Callum looks horrified, gazing at me for several moments.
“I came to tell you that you had to leave in a few minutes, but goddamn, Quinn,” he mutters. “Emilia shouldn’t be setting anyone up together. When is that supposed to start?”
“All she says is that it’ll be soon,” I explain. “I have very strong feelings about this. I don’t want anyone to go missing because they trusted her. I’ve been torturing myself with her podcasts while I get ready.”
“Well, this is self-flagellation that’s hopefully going to have something good come from it,” he says. “I’m going to also tell someone who runs events like this that isn’t a soulless bitch, and suggest that she advertise more. Hopefully we can cancel out Emilia, while we keep an eye on her events.”
“She’s a damn menace,”I agree, scooting off the bed to stand. I need to check my hair, but I was hoping Linus would come upstairs before he had to go to work.
I have a feeling there won’t be enough time for that. He’s probably trying to keep himself busy since he doesn’t want me to go to this damn dinner at all. Linus is being a pouty omega. I understand his anxiety and frustration about it, but I need to solidify my place with these old mafia men.
I need their respect, because my father isn’t going to live forever. In fact, I’m going to make sure he doesn’t.
Walking across the room to the bathroom, I pick up the curling iron to fix the little pieces that didn’t want to behave the first time.
“I’m going to take Linus to work now,” Callum reminds me, coming closer.
Linus and I have been fighting all day. It’s rare, but he hates when I do things that put me in danger. It’s a conversation we’ve been having for the past ten years. It’s nothing new.
Nodding, I fix my hair, my stomach twisting as it calls me a liar. I really want to talk to Linus, but he’s just as stubborn as I am.
“Do you want to come down to say goodbye?” he asks. I know he’s noticed the way Linus and I have been acting together.
I deactivate the voice feature when I talk to Linus, so the conversation doesn’t make much sense if someone walks by to “eavesdrop.” I have my alphas’ numbers. Sneaky little shits. I know they’ve been trying to figure out why he and I have been so on edge.
I have to do this. There’s no other way. Dad has to die, and I want to help find Alpha Miles. Maybe my father will slip up because I’m mute, forgetting I have a voice at all.
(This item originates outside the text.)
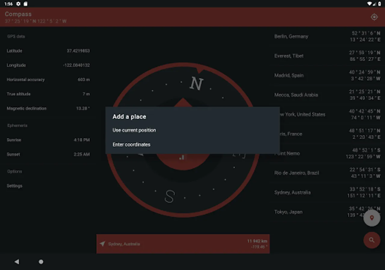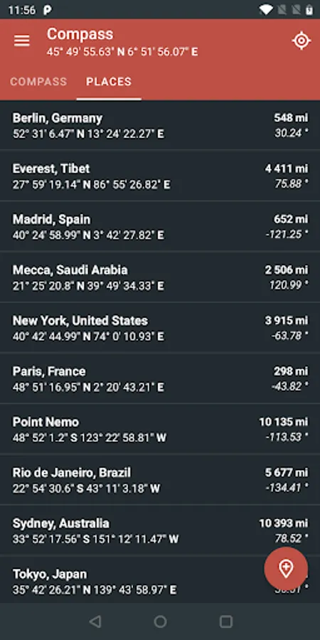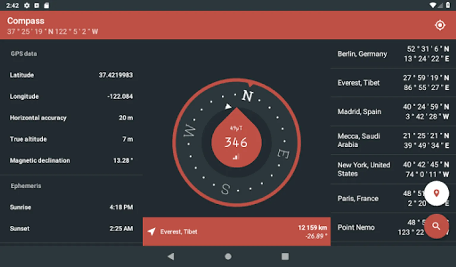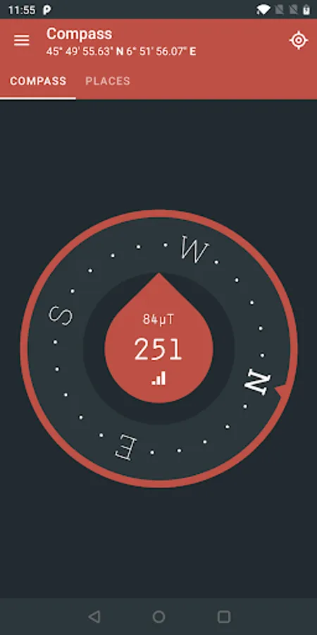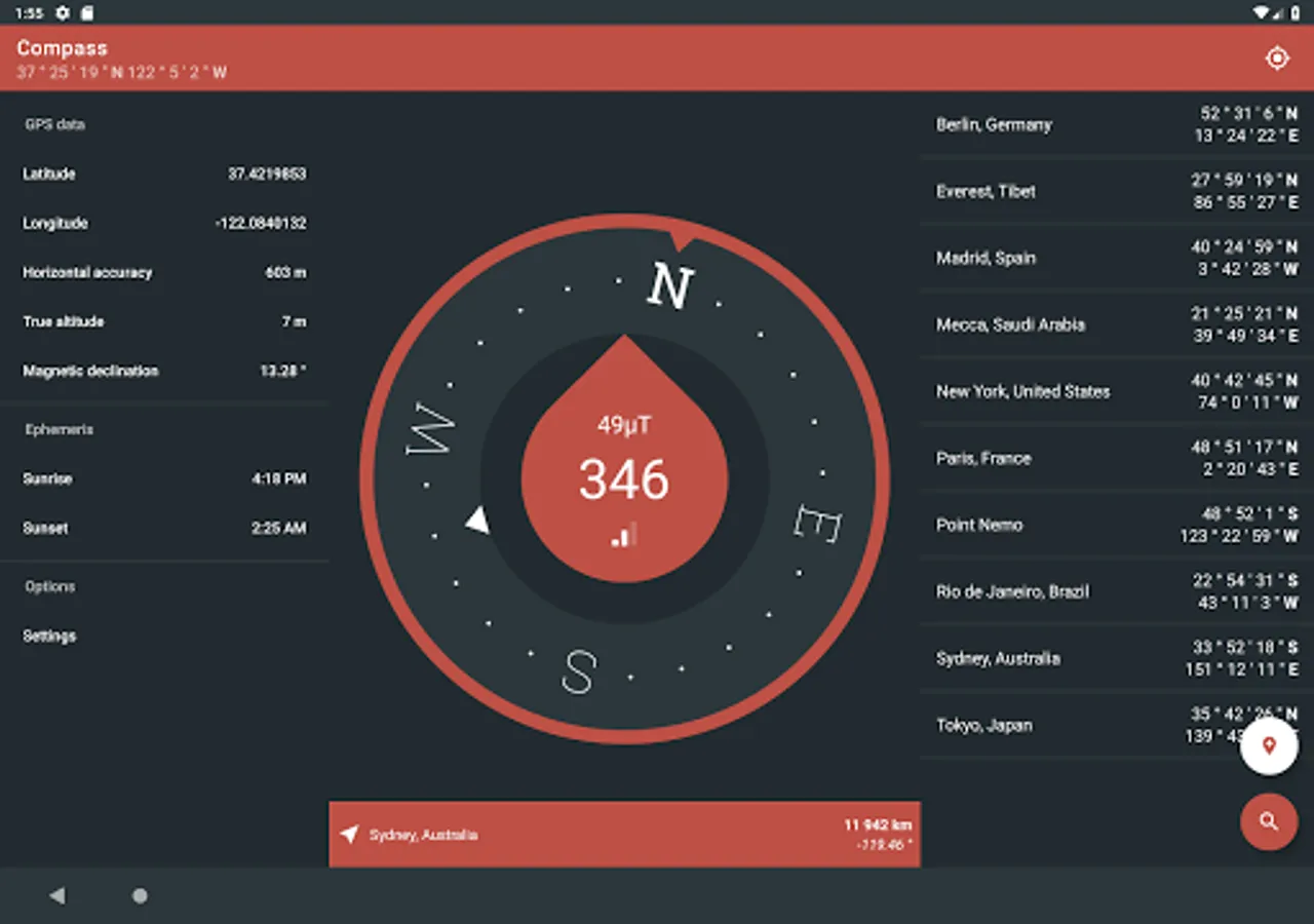 A magnetic compass with magnetic declination correction for best accuracy. A compass is an instrument used for navigation and orientation that shows direction relative to the geographic North. Geographic North is computed given the magnetic North and the magnetic declination at your current location. In some places around the world, the magnetic North can be as far as 20 degrees from the geographic North.

Bret used to do this often, which is why I know so much about his business.
Waiting for me to set the curler aside so he can crowd into my space, Callum wraps his arms around my waist, rubbing his face along my throat to scent mark me.
“You’re both so stubborn,” he murmurs. “Hopefully work keeps his mind busy. Make up with him when you get back, yeah?”
Well, making up is fun, and I smirk at him through my reflection in the mirror, nodding.
“And now my dick is hard from the promise in that smile,” he mutters. “I love you. Please be careful.”
My mouth drops open as he kisses my temple before slipping away. I know what I feel for Callum and Duncan, but somehow I wasn’t expecting either of them to feel the same.
Callum Kelly loves me.He never said that to me when I was younger, probably due to our age difference, yet I remember laying in bed wishing the Kelly brothers would love me. I feel as if my teenage angst and crush just came full circle.
Shaking my head at how love finds a way, I pick up an eyeliner pencil and line my eyes. My eyeshadow is done, I just needed to add the finishing touches. I even styled my special pins into my hair for added protection. Gazing at myself, I decide this is the best I’m going to look. My makeup reminds me of ‘natural glam’, which I did on purpose.
It’s just enough to irritate my father without others being able to say that I look like a whore. From the dress, makeup, to high heels, he’ll be chomping at the bit because I’m no longer a little girl, nor can I be controlled as such.